What you need to do
Your job is to set down the stretch of entries that opens with the line containing "Kit Sofá Namoradeira" and closes with the line containing "11. Navigate back". Keep both end lines, copy each exactly, and add nothing.

Exercise input
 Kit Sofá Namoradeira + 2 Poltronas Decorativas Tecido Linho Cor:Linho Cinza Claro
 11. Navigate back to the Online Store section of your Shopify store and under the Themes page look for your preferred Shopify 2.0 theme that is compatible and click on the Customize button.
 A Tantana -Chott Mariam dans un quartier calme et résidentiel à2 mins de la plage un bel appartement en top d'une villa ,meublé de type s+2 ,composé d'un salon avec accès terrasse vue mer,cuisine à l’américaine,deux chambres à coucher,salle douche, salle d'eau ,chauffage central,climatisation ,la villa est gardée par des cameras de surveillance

* * *

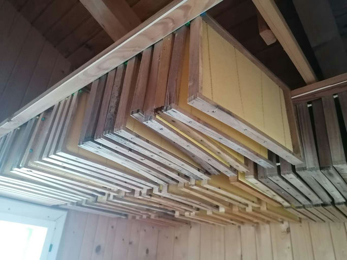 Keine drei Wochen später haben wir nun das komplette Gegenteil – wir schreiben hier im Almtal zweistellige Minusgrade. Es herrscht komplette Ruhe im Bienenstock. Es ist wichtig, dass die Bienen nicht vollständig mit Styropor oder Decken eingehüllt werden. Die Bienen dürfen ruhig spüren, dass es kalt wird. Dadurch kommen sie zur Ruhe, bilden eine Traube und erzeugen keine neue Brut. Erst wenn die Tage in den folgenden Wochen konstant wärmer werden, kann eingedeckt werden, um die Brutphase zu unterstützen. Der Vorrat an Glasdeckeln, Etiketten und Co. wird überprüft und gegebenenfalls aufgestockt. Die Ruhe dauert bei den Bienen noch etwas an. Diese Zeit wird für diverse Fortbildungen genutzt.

Answer space
 Kit Sofá Namoradeira + 2 Poltronas Decorativas Tecido Linho Cor:Linho Cinza Claro
 11. Navigate back to the Online Store section of your Shopify store and under the Themes page look for your preferred Shopify 2.0 theme that is compatible and click on the Customize button.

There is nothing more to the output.